Effect of Myrip and MyoVa on the delivery of SGs at the cell periphery. A, Principle of the experiment. NPY-labeled SGs were imaged by TIRFM. Their appearance in the TIRF area and their disappearance were manually monitored along time-series images. B, Quantification of the Myrip data. Myrip silencing increased the occurrence of SG arrival at the cell periphery and also the disappearance of SGs. The increase in SG appearance does not imply that Myrip silencing promotes SG delivery at the cell periphery (i.e., an increase in k1; see model in Fig. 10), but rather reflects the increase in the density of SGs in the cell center (we actually see an increase in k1C). *p < 0.05; Mann–Whitney test; n = 10 cells from 2 independent experiments. C, Quantification of the MyoVa data (same as in B, but for MyoVa silencing; n = 20 cells from two independent experiments). The effect of MyoVa knockdown is not as strong as that of Myrip knockdown (p = 0.07).
Myrip silencing interferes with SG motion along microtubules
To determine how Myrip controls the retention of SGs at the cell periphery, we characterized SG mobility in the subplasmalemmal region by TIRF imaging and single-particle tracking.
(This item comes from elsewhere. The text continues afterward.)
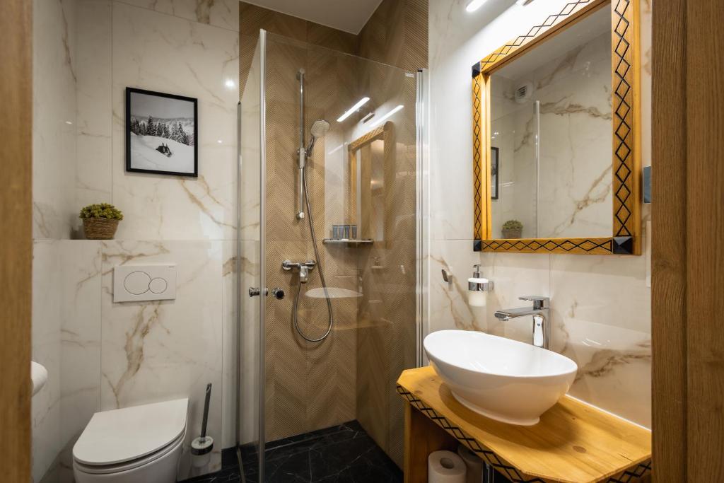 This apartment features a living room, a separate bedroom, and a bathroom with a shower and complimentary toiletries. The well-equipped kitchenette includes a stovetop, refrigerator, dishwasher, and kitchen utensils.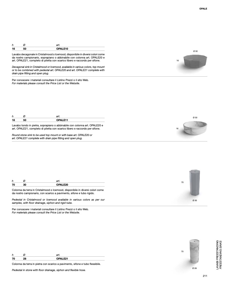 or to be combined with pedestal art. OPALE20 and art. OPALE21 complete with

The mean lateral diffusion coefficient (Dxy), an index of the mobility of SGs, on entire trajectories was significantly higher in Myrip-silenced cells (Dxy = 92.3 ± 7.2 × 10−4 μm2 · s−1; mean ± SE; 653 SGs from 10 cells) than in control cells (Dxy = 24.3 ± 5.2 × 10−4 μm2 · s−1; mean ± SE; 761 SGs from 10 cells; p = 0.007). The distribution of mean Dxy values computed on entire trajectories is shown in Figure 6A and indicates two major effects of Myrip silencing: (1) an increased proportion of SGs with a very high Dxy value (>50 × 10−4 μm2 · s−1) and (2) a 50% reduction in the percentage of almost-immobile SGs (Dxy < 5 × 10−4 μm2 · s−1).
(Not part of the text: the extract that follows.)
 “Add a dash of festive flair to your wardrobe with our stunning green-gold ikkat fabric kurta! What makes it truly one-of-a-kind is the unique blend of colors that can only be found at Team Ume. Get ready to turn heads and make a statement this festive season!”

Myrip silencing changes the mobility of SGs. Single SGs were imaged by TIRFM under resting conditions and tracked in BON cells transfected with siRNA duplexes (control, black bars; Myrip siRNA, white bars) and pNPY-GFP. A, Shown is the distribution of Dxy values computed on entire trajectories (n = 10 cells from 2 independent experiments; control, 761 SGs; Myrip-siRNA1, 653 SGs). Myrip silencing significantly reduced the percentage of SGs with Dxy < 5 × 10−4 μm2 · s−1 that are likely attached to the PM and increased the proportion of SGs with Dxy >50 × 10−4 μm2 · s−1 that are likely moving along microtubules. B, Myrip silencing increases SG velocity on microtubules. Subtrajectories corresponding to directed motion (i.e., along microtubules) were selected. Shown is the distribution of SG velocities in control cells (filled bars; 10 cells, 155 periods of directed motion) or in Myrip knockdown cells (open bars; 10 cells, 250 periods of directed motion). The distribution is shifted to the right upon Myrip silencing.
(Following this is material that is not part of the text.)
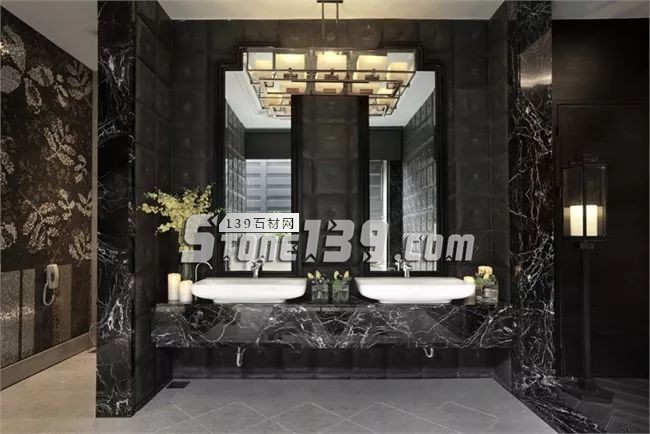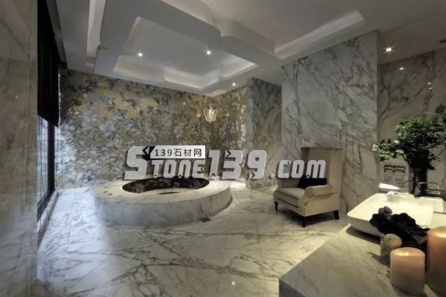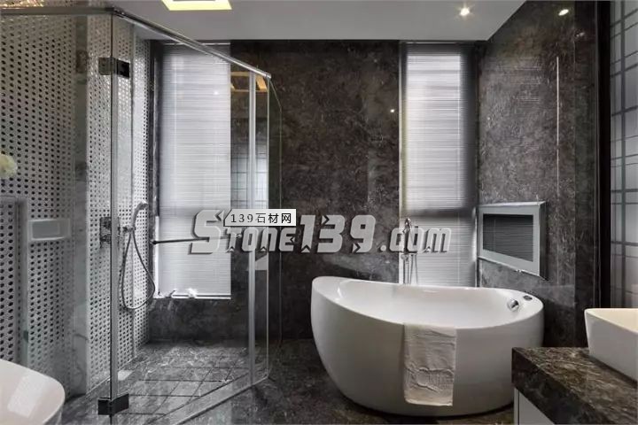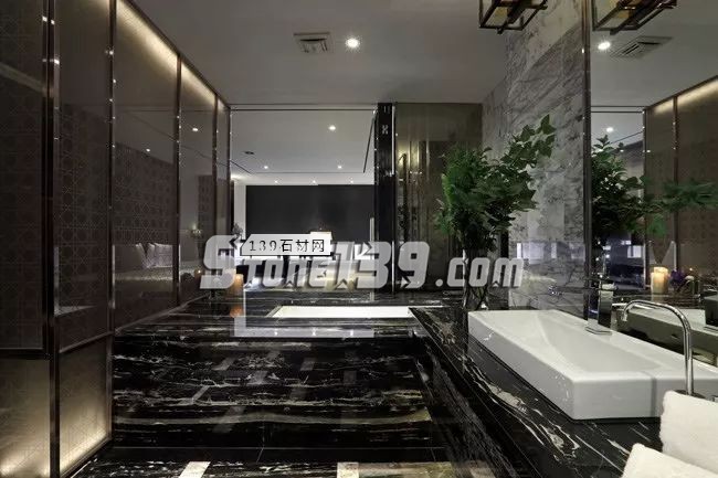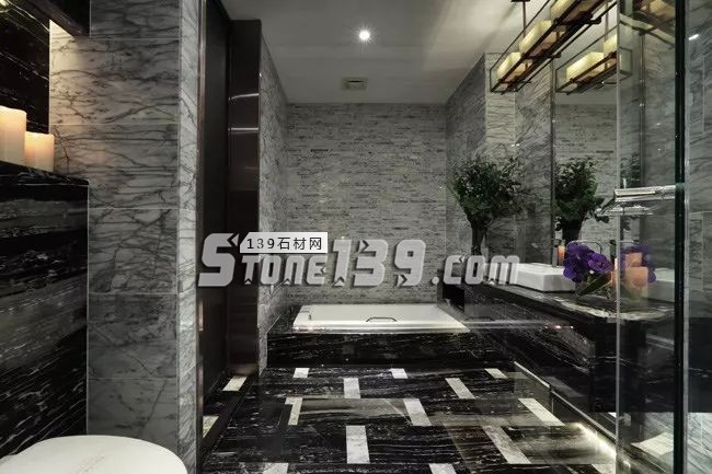 浴室中縱橫交錯的大理石紋,猶如旅途中的足跡

To further characterize the effect of Myrip on fast-moving SGs, we manually selected subtrajectories characterized by fast (Dxy > 50 × 10−4 μm2 · s−1) and directed motion. Such trajectories are severely reduced upon nocodazole treatment, indicating that they correspond to SGs moving along microtubules (Desnos et al., 2007b). The proportion of time spent in a directed motion was increased from 3.8 ± 0.4% in control cells to 11.5 ± 1.5% in Myrip knockdown cells (mean ± SE; p = 0.002). During these periods, SG velocity was 0.39 ± 0.02 μm · s−1 in control cells and 0.63 ± 0.03 μm · s−1 in Myrip-silenced cells (mean ± SE; p = 0.0002), and the distribution of velocity values was shifted to higher values by Myrip silencing (Fig. 6B). In addition, the length of microtubule-based runs was increased in Myrip knockdown cells (1.49 ± 0.11 μm) compared to control ones (1.15 ± 0.06 μm; p = 0.04).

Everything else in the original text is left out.